*Required work*: Exactly and only the lines below from the one containing "0:00 In this" down to the one containing "鉴于其特殊的损伤耐受性,研究" are wanted, both included; please exclude every picture.

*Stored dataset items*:
---*---
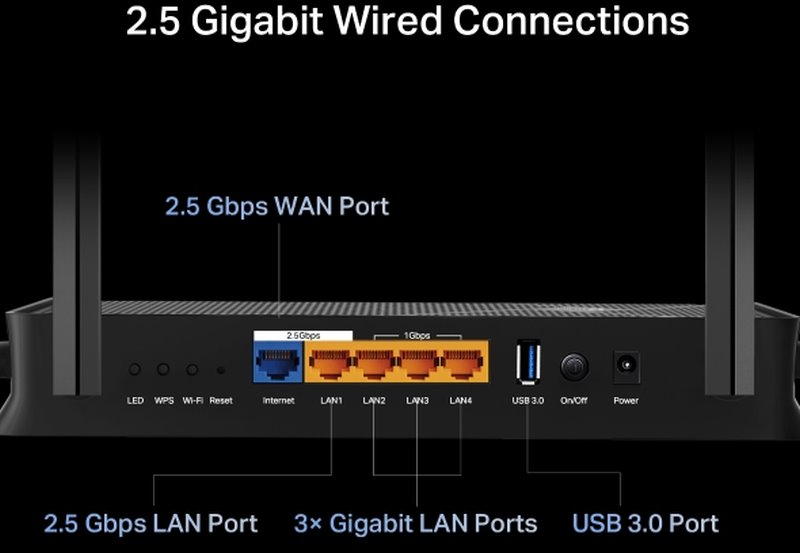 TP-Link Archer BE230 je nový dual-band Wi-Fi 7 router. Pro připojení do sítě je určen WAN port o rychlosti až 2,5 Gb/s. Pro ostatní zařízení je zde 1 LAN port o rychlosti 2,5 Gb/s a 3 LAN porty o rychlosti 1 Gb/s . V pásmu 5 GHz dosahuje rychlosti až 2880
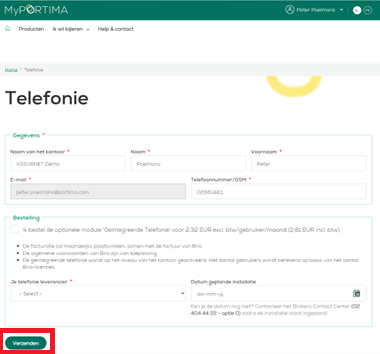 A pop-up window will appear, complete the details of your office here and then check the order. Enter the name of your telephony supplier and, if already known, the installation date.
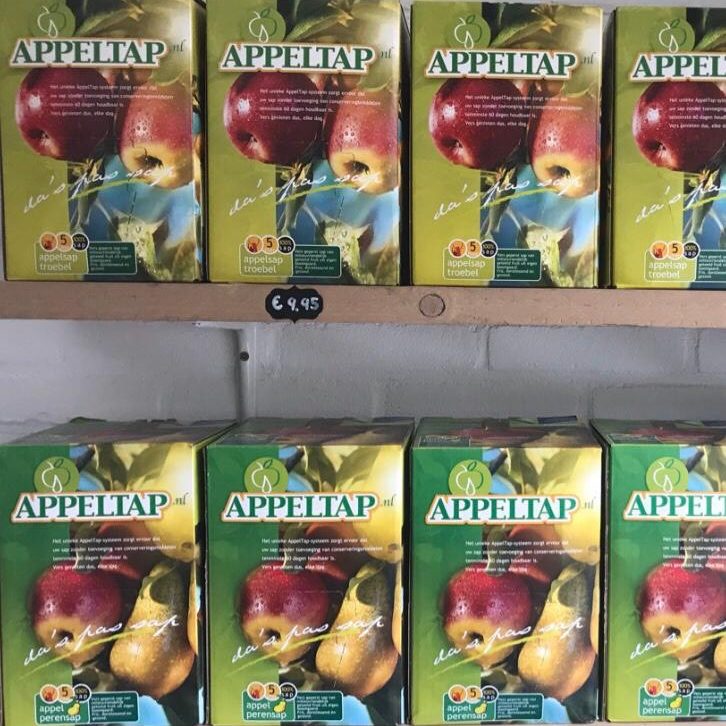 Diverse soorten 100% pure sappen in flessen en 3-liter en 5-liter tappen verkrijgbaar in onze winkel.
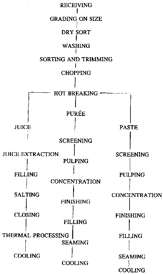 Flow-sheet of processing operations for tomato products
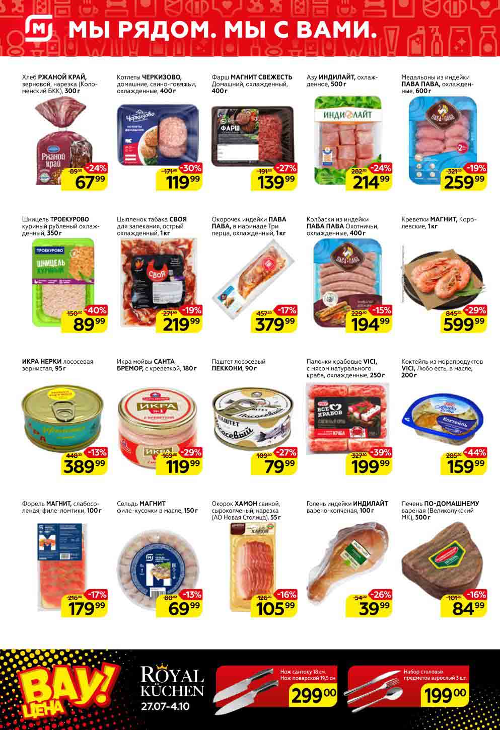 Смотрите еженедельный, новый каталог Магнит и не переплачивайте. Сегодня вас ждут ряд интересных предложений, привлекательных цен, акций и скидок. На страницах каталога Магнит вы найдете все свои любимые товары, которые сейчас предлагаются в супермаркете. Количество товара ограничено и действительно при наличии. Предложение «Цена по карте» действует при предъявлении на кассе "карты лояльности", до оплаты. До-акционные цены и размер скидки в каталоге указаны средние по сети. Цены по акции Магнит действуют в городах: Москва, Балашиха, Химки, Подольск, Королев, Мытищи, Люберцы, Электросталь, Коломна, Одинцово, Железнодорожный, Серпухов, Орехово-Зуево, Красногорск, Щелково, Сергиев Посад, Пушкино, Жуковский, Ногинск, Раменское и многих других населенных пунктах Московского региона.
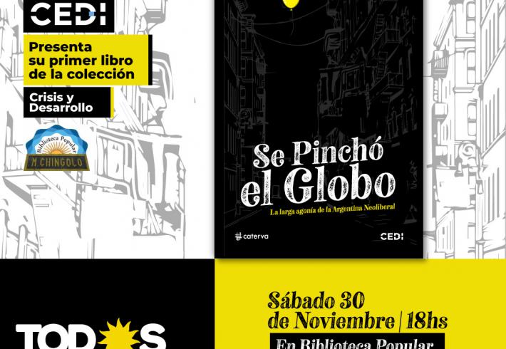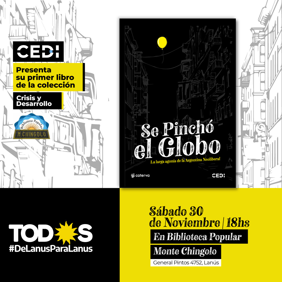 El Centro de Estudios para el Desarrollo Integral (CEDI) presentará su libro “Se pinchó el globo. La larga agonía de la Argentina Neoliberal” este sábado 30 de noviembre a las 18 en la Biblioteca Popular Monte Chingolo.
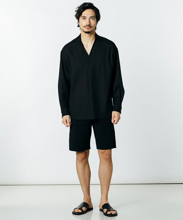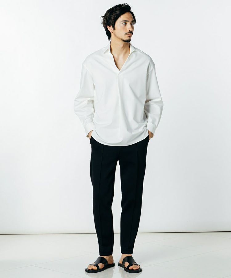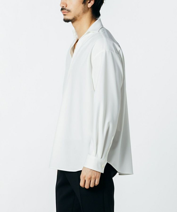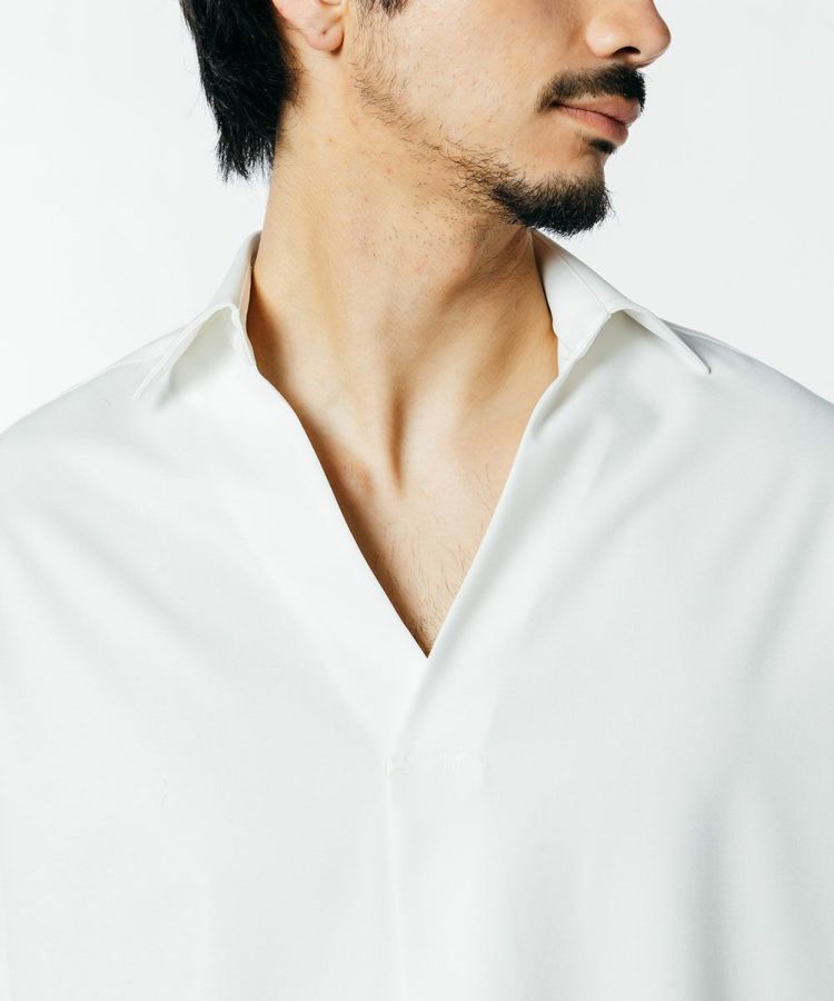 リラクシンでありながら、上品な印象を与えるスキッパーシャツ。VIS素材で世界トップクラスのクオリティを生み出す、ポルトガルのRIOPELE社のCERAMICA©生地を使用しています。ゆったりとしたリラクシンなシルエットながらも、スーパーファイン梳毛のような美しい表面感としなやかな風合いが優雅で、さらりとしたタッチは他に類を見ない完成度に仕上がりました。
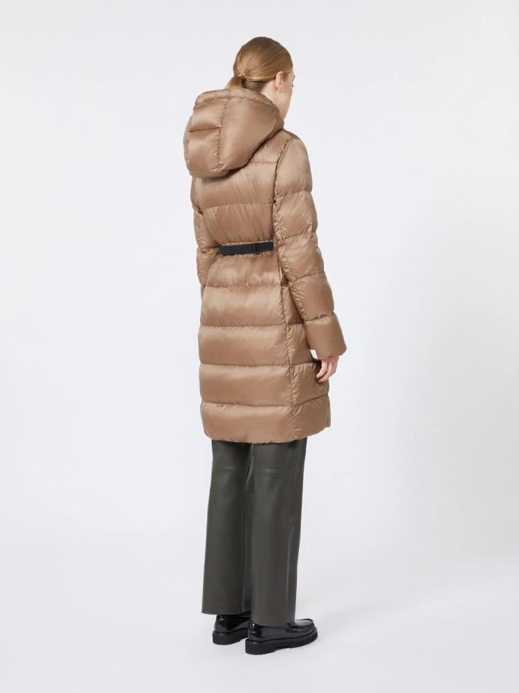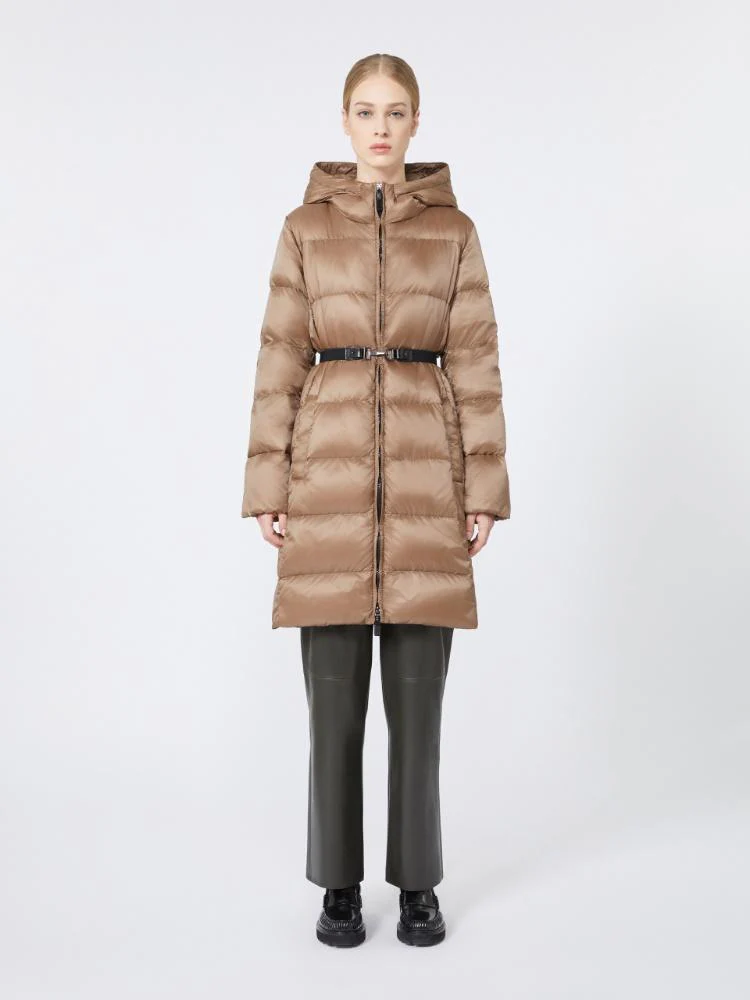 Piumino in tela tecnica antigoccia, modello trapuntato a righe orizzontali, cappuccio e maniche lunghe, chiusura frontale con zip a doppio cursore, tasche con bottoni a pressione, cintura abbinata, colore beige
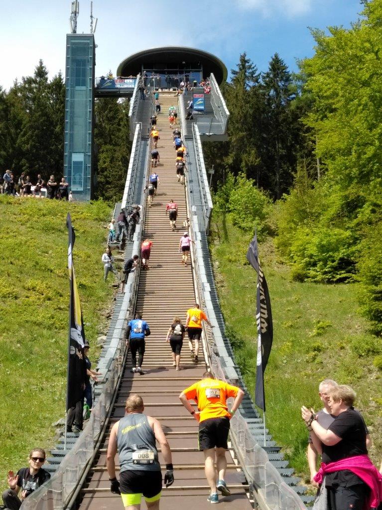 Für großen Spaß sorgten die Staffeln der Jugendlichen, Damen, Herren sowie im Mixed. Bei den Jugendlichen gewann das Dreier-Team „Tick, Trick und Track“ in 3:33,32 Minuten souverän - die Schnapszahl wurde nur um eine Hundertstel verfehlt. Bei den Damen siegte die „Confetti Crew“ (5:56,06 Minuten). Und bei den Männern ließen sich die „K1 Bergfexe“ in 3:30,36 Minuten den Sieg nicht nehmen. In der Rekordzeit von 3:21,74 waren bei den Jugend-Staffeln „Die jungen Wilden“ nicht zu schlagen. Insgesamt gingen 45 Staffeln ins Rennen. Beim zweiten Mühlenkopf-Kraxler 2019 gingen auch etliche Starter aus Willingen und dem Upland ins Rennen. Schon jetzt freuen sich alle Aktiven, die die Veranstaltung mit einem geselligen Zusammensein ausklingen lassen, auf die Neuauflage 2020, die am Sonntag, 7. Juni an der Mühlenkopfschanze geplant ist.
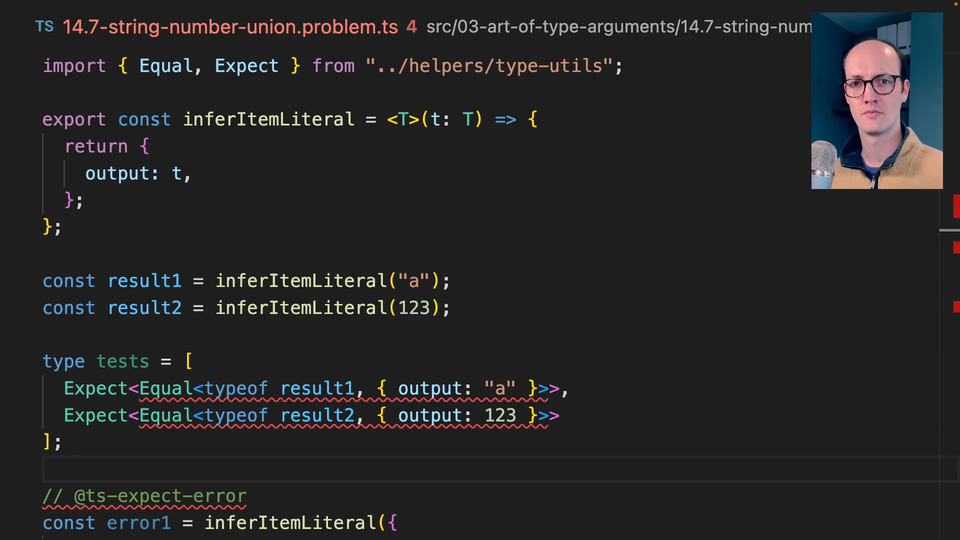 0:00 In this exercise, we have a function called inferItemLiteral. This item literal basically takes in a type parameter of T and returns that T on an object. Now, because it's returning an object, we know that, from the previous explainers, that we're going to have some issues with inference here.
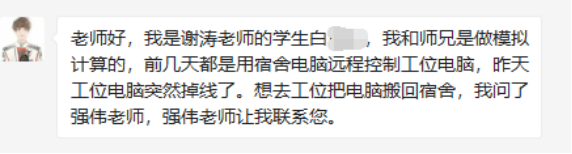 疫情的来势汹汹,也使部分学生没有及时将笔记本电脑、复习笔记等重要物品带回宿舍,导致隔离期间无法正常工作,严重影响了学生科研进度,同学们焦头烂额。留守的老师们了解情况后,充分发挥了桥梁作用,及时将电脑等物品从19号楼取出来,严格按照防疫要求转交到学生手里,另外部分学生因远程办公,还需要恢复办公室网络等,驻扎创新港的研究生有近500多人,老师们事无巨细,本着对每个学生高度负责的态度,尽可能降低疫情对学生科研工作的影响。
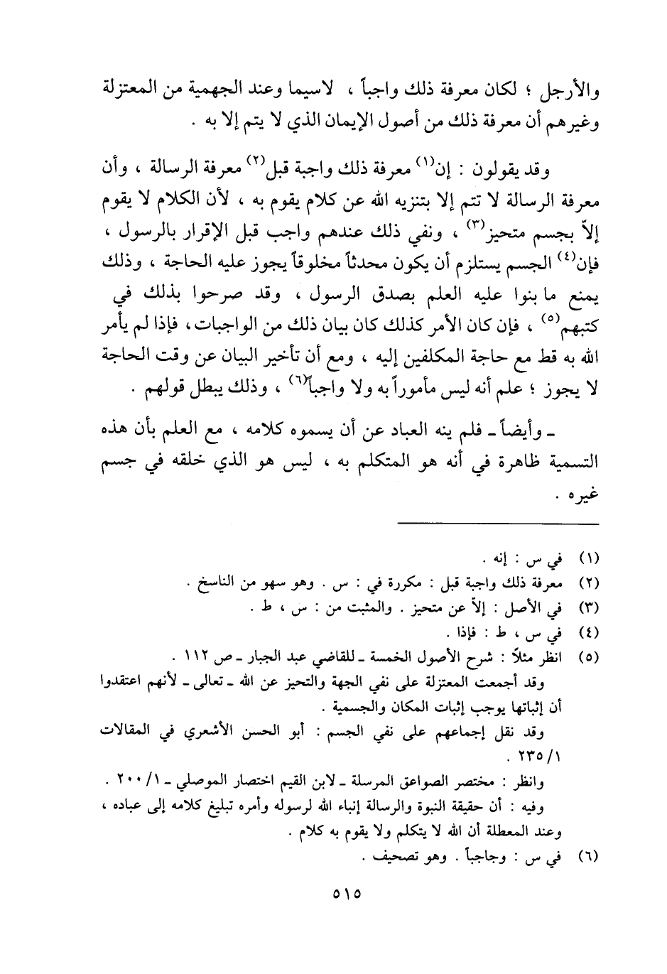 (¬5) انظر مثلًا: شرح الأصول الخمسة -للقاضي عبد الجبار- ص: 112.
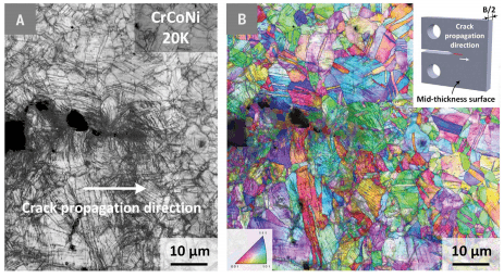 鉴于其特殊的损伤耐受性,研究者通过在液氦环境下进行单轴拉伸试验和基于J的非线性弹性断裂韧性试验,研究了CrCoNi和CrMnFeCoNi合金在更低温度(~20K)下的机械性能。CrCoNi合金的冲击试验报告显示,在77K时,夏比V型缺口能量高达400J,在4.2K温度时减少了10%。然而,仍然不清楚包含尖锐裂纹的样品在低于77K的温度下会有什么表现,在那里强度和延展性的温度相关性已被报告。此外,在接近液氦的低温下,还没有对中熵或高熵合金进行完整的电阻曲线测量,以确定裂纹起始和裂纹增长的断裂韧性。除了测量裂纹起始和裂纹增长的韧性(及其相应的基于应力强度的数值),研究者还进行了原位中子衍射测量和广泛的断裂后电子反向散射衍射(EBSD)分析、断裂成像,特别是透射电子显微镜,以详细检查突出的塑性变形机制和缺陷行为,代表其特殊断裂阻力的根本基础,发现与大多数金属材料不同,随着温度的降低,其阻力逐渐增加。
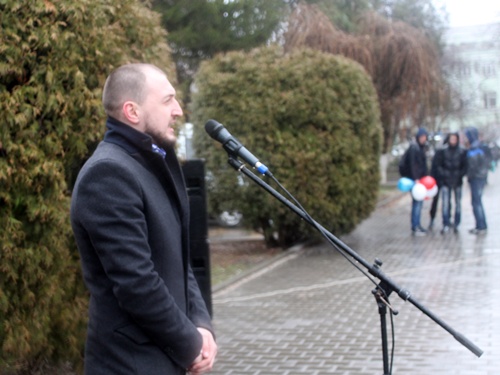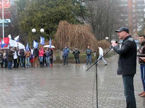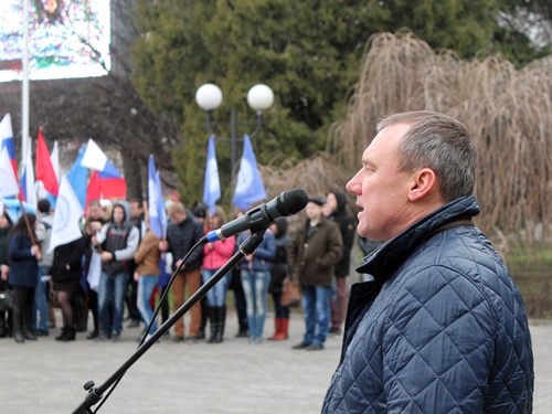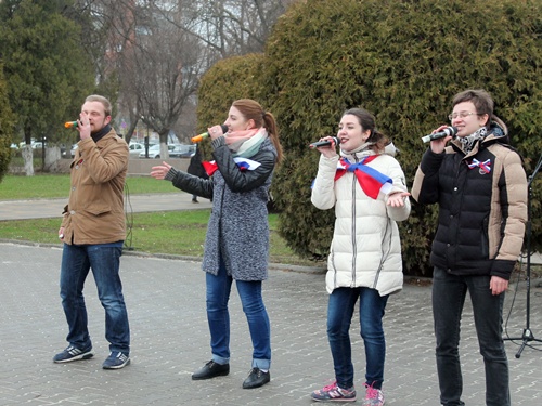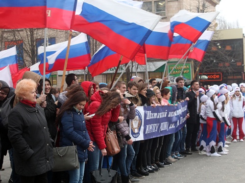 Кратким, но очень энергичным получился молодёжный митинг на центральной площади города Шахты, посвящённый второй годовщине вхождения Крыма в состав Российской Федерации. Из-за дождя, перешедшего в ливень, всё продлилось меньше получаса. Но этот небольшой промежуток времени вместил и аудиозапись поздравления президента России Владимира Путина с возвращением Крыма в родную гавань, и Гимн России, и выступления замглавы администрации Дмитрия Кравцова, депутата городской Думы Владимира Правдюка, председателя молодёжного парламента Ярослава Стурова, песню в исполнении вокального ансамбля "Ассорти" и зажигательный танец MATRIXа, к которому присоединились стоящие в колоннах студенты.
---*---
*Exercise output*:
 0:00 In this exercise, we have a function called inferItemLiteral. This item literal basically takes in a type parameter of T and returns that T on an object. Now, because it's returning an object, we know that, from the previous explainers, that we're going to have some issues with inference here.
 疫情的来势汹汹,也使部分学生没有及时将笔记本电脑、复习笔记等重要物品带回宿舍,导致隔离期间无法正常工作,严重影响了学生科研进度,同学们焦头烂额。留守的老师们了解情况后,充分发挥了桥梁作用,及时将电脑等物品从19号楼取出来,严格按照防疫要求转交到学生手里,另外部分学生因远程办公,还需要恢复办公室网络等,驻扎创新港的研究生有近500多人,老师们事无巨细,本着对每个学生高度负责的态度,尽可能降低疫情对学生科研工作的影响。
 (¬5) انظر مثلًا: شرح الأصول الخمسة -للقاضي عبد الجبار- ص: 112.
 鉴于其特殊的损伤耐受性,研究者通过在液氦环境下进行单轴拉伸试验和基于J的非线性弹性断裂韧性试验,研究了CrCoNi和CrMnFeCoNi合金在更低温度(~20K)下的机械性能。CrCoNi合金的冲击试验报告显示,在77K时,夏比V型缺口能量高达400J,在4.2K温度时减少了10%。然而,仍然不清楚包含尖锐裂纹的样品在低于77K的温度下会有什么表现,在那里强度和延展性的温度相关性已被报告。此外,在接近液氦的低温下,还没有对中熵或高熵合金进行完整的电阻曲线测量,以确定裂纹起始和裂纹增长的断裂韧性。除了测量裂纹起始和裂纹增长的韧性(及其相应的基于应力强度的数值),研究者还进行了原位中子衍射测量和广泛的断裂后电子反向散射衍射(EBSD)分析、断裂成像,特别是透射电子显微镜,以详细检查突出的塑性变形机制和缺陷行为,代表其特殊断裂阻力的根本基础,发现与大多数金属材料不同,随着温度的降低,其阻力逐渐增加。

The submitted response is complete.